Quem sabe seja vingança, uma doce vingança. Quando Fernanda Takai falou em gravar Amar Como Jesus Amou, seus amigos de Pato Fu responderam com sorrisos de coroinha. Só poderia ser brincadeira. Uma música católica da missa das dez feita por Padre Zezinho e cantada por Padre Fábio de Mello ultrapassava a linha das transgressões de uma banda acostumada a andar fora do quadrado desde sempre, a ponto de ser comparada em seus primórdios aos Mutantes. Takai guardou a ideia sem imaginar que um dia a comeria como um sushi frio. O dia chegou. E o disco que acaba de sair, Na Medida do Impossível, financiado pelo projeto Natura Musical, traz criatividades desconcertantes como a versão para a canção cristã que a faz soar uma ousadia às avessas, a manifestação invertida de um tamanho que talvez nem a própria Fernanda Takai tenha ciência.
A voz pequena de Fernanda, que já foi o calcanhar de Aquiles, tornou-se a medida de seu impossível. Se tivesse investido em empostação, como as grandes, poderia ser uma frustrada escrava de si mesma. Ao mesmo tempo em que, na melhor das hipóteses, atingiria regiões mais altas e teria recursos nos graves, seu universo estaria ironicamente restrito ao formalismo. Takai só pode abraçar o mundo porque não o leva a sério, deixando que seu fio de voz migre de Padre Zezinho a Belchior, de George Michael à Jovem Guarda, de Reginaldo Rossi ao Trio Ternura sem transformá-la em um Frankenstein. Assim, ganhou carta branca da crítica e do público que a deixa juntar, se quiser, Michael Jackson com Banda de Pífanos de Caruaru. Seu amor doce e seu humor pueril fazem a costura improvável ganhar sentido. Não há tiros para todos os lados, mas um tiro só.

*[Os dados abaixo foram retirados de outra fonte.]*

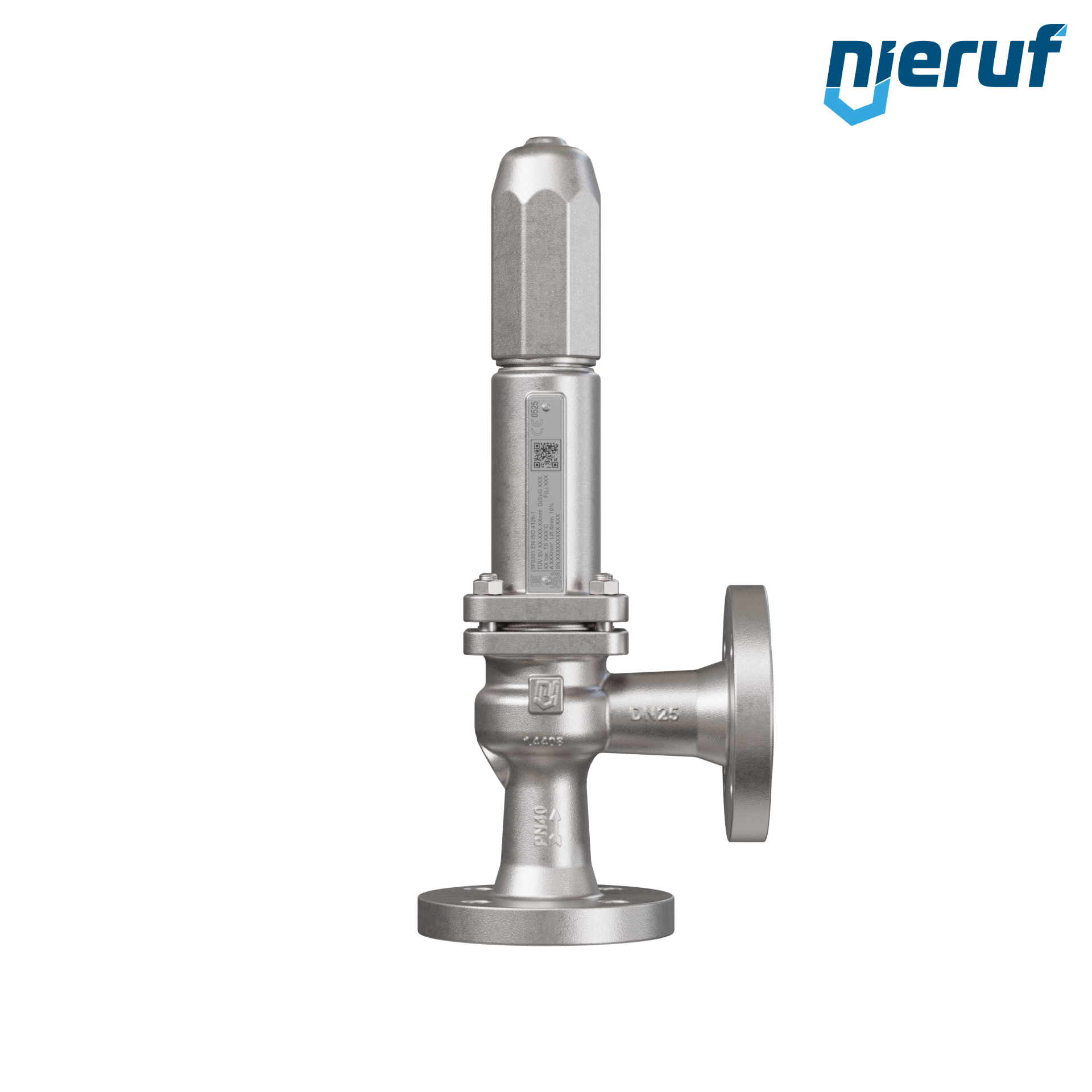 soupape de sûreté à brides entrée DN25 sortie DN25 pour fluides liquides et gazeux, en acier inoxydable 1.4408 joint EPDM pression 0,5 jusqu'à un maximum de 40 bar

Amar Como Jesus Amou vai longe com o arranjo eletrônico de game pensado pelo japonês Toshiyuki Yasuda e a voz de Padre Fábio em parte do refrão. Seria corajosa só por isso, mas acerta ainda mais onde não mira quando consegue um efeito dessacralizante da gravação original, operando o milagre da transformação do proselitismo católico em canção pop. Uma ousadia em anos de música brasileira esterilizada. A vingança da fofura. Do outro lado da ponte, pega Heal The Pain, de George Michael, e faz sua música de brinquedo do momento. A voz de Samuel Rosa, em tom mais baixo que os usados pelo Skank, perde em brilho e fica até dispensável ao lado das braçadas de Takai. Suas paixões, que nunca são legitimadas por derramamentos de sangue, estão aqui entregues com açúcar e com afeto na versão em português feita pelo marido e parceiro de Pato Fu, John Ulhôa. Heal the Pain vira Pra Curar Essa Dor.

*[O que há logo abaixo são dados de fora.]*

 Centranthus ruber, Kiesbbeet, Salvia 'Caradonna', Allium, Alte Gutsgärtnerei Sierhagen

Há uma força autobiográfica nessa história. Os olhos puxados de Fernanda Takai vêm do pai geólogo, filho de japoneses, e o resto da mãe enfermeira, filha de português com alagoana. Takai nasceu em 1971 na Serra do Navio, Amapá. Aos 2 anos, as escavações do velho a levaram a Salvador e, depois, a Jacobina, no interior da Bahia, onde viveu até os 8 anos. Minas só vem aqui, quando Takai se muda para Nova Lima e, finalmente, Belo Horizonte.

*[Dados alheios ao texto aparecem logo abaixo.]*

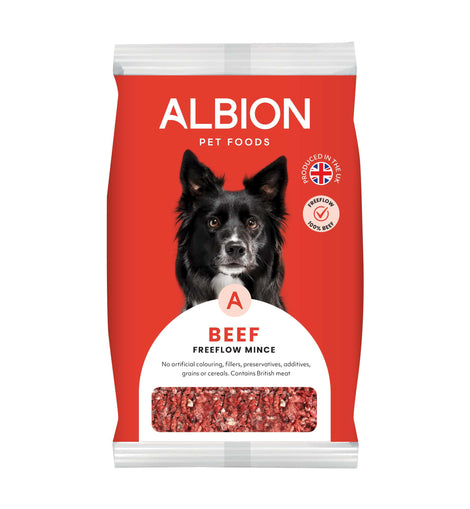Albion Freeflow Beef contains premium raw minced beef, which is a perfect complementary feed specially formulated  for working and assistance dogs. This can be fed alone or combined with other ingredients such as offal, bone and vegetables to ensure your dog has a delicious, nutritious home made raw meal.

O rádio estava ligado o tempo todo e por ele entravam Benito di Paula, que ela relembra na regravação rock do sambão joia Como Dizia o Mestre, e Reginaldo Rossi, com Mon Amour, Meu Bem, Ma Femme, que ela canta com Zélia Duncan, como fizeram em 2011 no carnaval do Recife. É o grande arranjo do disco, pensado pelo produtor John. Ela anda ainda por Julieta Venegas, fazendo versão em português para Doce Companhia; pela Jovem Guarda gravando A Pobreza, famosa com Leno e Lilian; por Pitty, com quem dividiu a criação de Seu Tipo; pelo poeta Climério Ferreira, de quem musicou os versos de Quase Desatento; e pelas graças do Trio Ternura, regravando Liz. Deleites de uma rara espécie de artista livre. As informações são do jornal O Estado de S. Paulo.